What Is Spurious Correlation?
In statistics, a spurious correlation (or spuriousness) refers to a connection between two variables that appears to be causal but is not. With spurious correlation, any observed dependencies between variables are merely due to chance or are both related to some unseen confounder.
- Spurious correlation, or spuriousness, occurs when two factors appear causally related to one another but are not.
- The appearance of a causal relationship is often due to similar movement on a chart that turns out to be coincidental or caused by a third "confounding" factor.
- Spurious correlation can be caused by small sample sizes or arbitrary endpoints.
- Statisticians and scientists use careful statistical analysis to determine spurious relationships.
- Confirming a causal relationship requires a study that controls for all possible variables.
Understanding Spurious Correlation
Spurious relationships will initially appear to show that one variable directly affects another, but that is not the case. This misleading correlation is often caused by a third factor that is not apparent at the time of examination, sometimes called a confounding factor.

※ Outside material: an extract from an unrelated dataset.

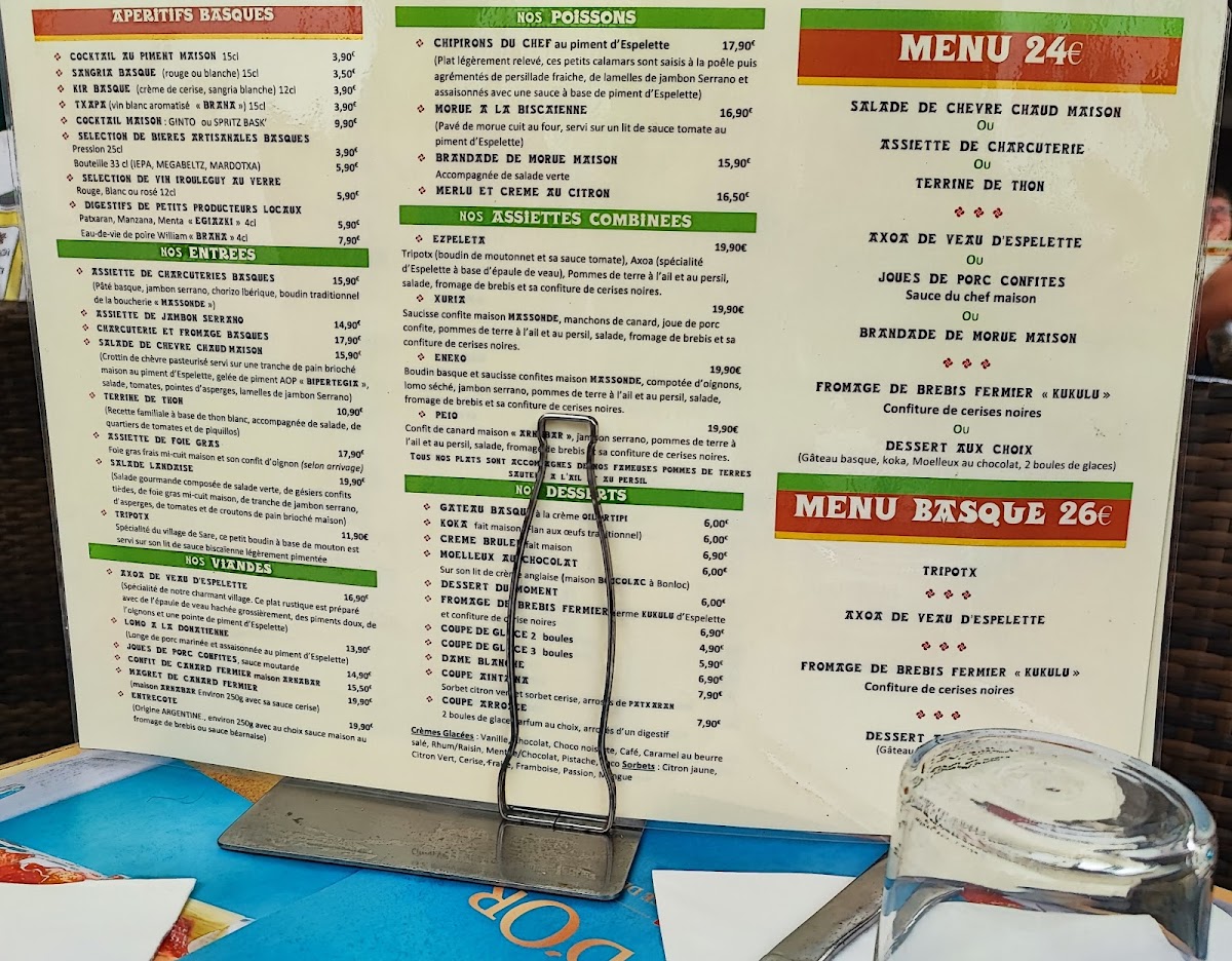 Customer favorites include the Axoa de Veau D’Esplette, a hearty veal dish, and the Joues de Porc Confites, featuring succulent pork cheeks that are slow-cooked to perfection. The Brandade De Morue Maison brings a twist to classic comfort food, reminiscent of shepherd's pie but with the delightful taste of cod. Each bite is a journey through the vibrant flavors characteristic of the Basque region.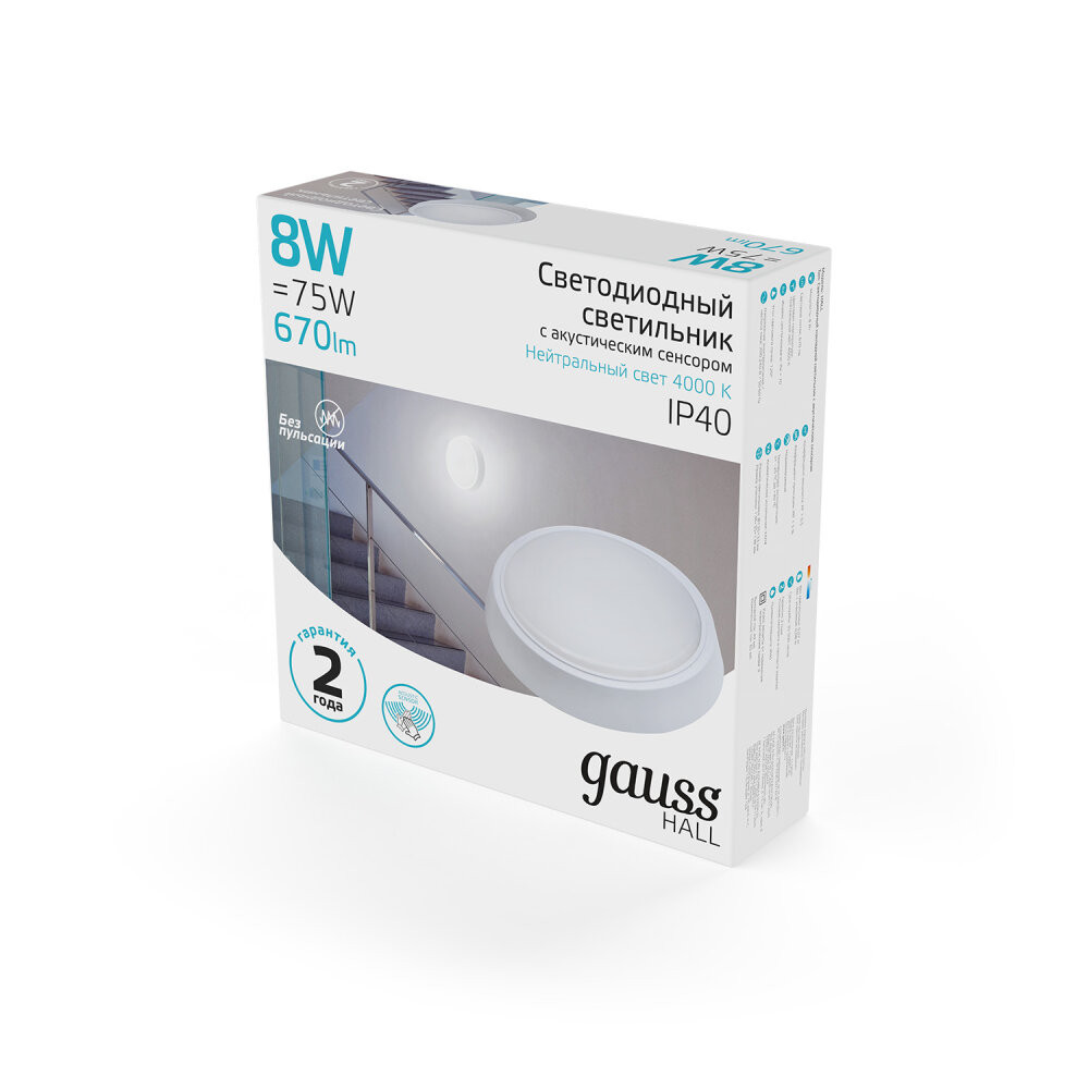 Полное описание товара Светильник светодиодный ДБП 8 Вт 670 лм 4000К AC 220В Белый IP40 круг D135х33мм Пластик ЖКХ с оптико-акустическим датчиком HALL (GAUSS) 193411208-OAS

When two random variables track each other closely on a graph, it is easy to suspect correlation where a change in one variable causes a change in the other variable. Setting aside causation, which is another topic, this observation can lead the reader of the chart to believe that the movement of variable A is linked to the movement in variable B or vice versa.
However, closer statistical examination may show that the aligned movements are coincidental or caused by a third factor that affects the two variables. This is a spurious correlation. Research conducted with small sample sizes or arbitrary endpoints is particularly susceptible to spuriousness.
The most obvious way to spot a spurious relationship in research findings is to use common sense. Just because two things occur and appear to be linked does not mean that there are no other factors at work. However, to know for sure, research methods are critically examined.
In studies, all variables that might impact the findings should be included in the statistical model to control their impact on the dependent variable.
Many spurious relationships can be identified by using common sense. If a correlation is found, there is usually more than one variable at play, and the variables are often not immediately obvious.
Spurious Correlation Examples
Interesting correlations are easy to find, but many will turn out to be spurious. Three examples are the skirt length theory, the super bowl indicator, and a suggested correlation between race and college completion rates.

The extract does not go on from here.